ウイルスDNAのコピー数は頻繁に特定のウイルスのバッチが含んでいるウイルスの粒子の量の概算として使用されます。 しかし、これが感染力にどれだけ対応しているかは不明である。 これを評価するために、TCID5 0値を、それぞれのバッチのウイルスDNAコピー数と比較した。 ウイルスバッチ中のQ-PCR TCID50値に対するウイルスDNA負荷の平均比は、P17およびP19について同様であり、TCID50あたりそれぞれ6.3*105および2.0*106ウイル しかし、P21については、比はかなり高く、TCID50あたり1.3*108ウイルスDNAコピーであった(表1)。 したがって、バッチの上清中のウイルスDNAを測定することは、バッチの感染性を正しく割り当てるには不十分であり、したがって、ウイルス力価を正確
Q-PCR TCID50の変動の平均イントラアッセイ係数(CV)は9%であり、三つのTCID50培養プレートの並列重複抽出およびq-Pcrによって決定された。 眼のTCID50については、イントラアッセイCVは45%であり、二つの独立した評価者によって読み取られた十二TCID50培養プレートの合計によって決定された。 イントラアッセイCVは、二つのランからの細胞の二つの平行染色によって決定されたIFA TCID50のための14%であった。 感染ユニットのアプローチのために、イントラアッセイCVは、一回の実行からの細胞の四つの平行染色によって決定された43%であった。 平均インターアッセイCVは、Q-PCR TCID50のための73%と眼TCID50のための66%であり、それぞれ五、三、三回実行される三つのウイルスバッチについて決定した。 IFA TCID5 0について、インターアッセイCVは2 5%であり、1回のバッチ実行で3回測定した。 感染ユニットアプローチのために、インターアッセイCVは、一つのバッチのための三つの別々の実行によって決定された77%であった。
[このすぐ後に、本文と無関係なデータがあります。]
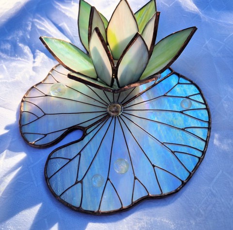 - Material: sticlă, lipire metalică, mărgele de sticlă, fir de cupru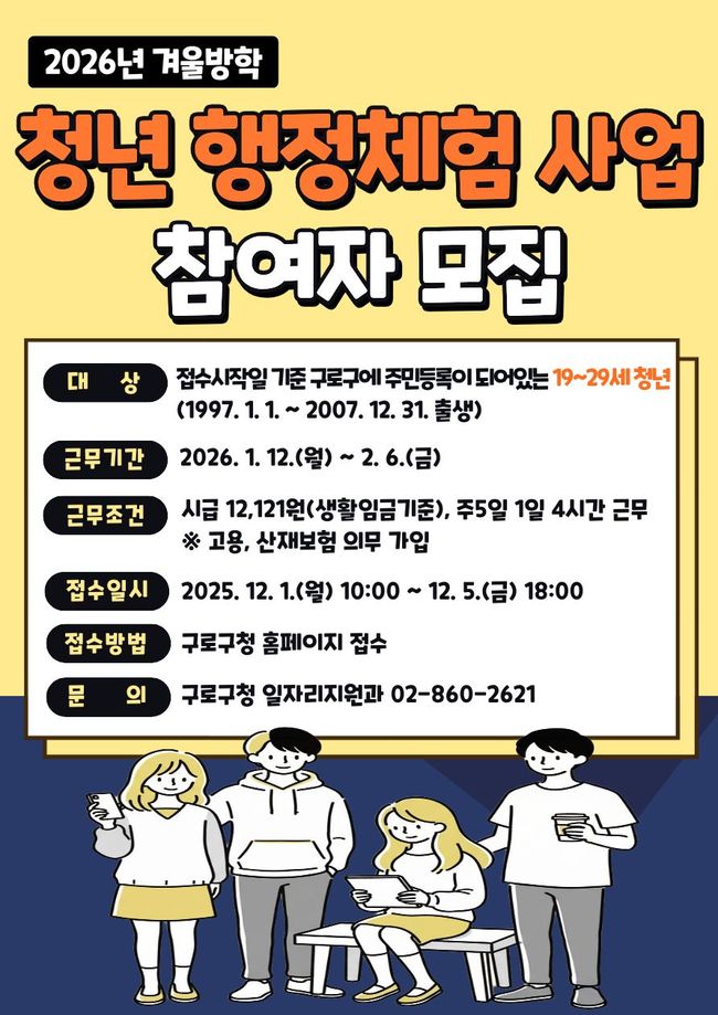 구로구 2026년 겨울방학 청년 행정체험 사업 홍보 포스터.구로구(구청장 장인홍)는 2026년 겨울방학을 맞아 청년 행정체험 사업 참여자를 모집한다고 18일 밝혔다.

要約すると、ここで説明するQ-PCR TCID50法は、ウイルスタンパク質の発現とよく相関し、したがって、感染用量に対して高い特異性を有する。 これは、イントラアッセイCV値に基づいて、眼TCID50、IFA TCID50および感染ユニットアプローチよりも堅牢です。 イントラアッセイCVは、この設定では、特定の読み出しアプローチがいかに正確であるかの尺度であり、従って、異なる方法の比較のための最も正確な値である。 この方法を適応させるためには、試験されたすべてのウイルス株および使用されたすべての細胞株について切断点を決定する必要がある。 Q-PCR読み出しアプローチは、眼検査よりも面倒ですが、私たちの意見では、IFA TCID50と感染ユニットアプローチよりもかなり少ない面倒です。 それは目の点検、IFA TCID50および伝染性の単位のアプローチより実験室資源の点では高いです。 しかし、我々のデータは、コストと労力を保証するかもしれない正確にウイルス力価を決定するために生物学的アッセイを実行することの重要性を強調 さらに、HHV-6フィールド内で使用されるウイルス力価評価方法のより良い標準化は、異なる研究間の一致を高める可能性があります。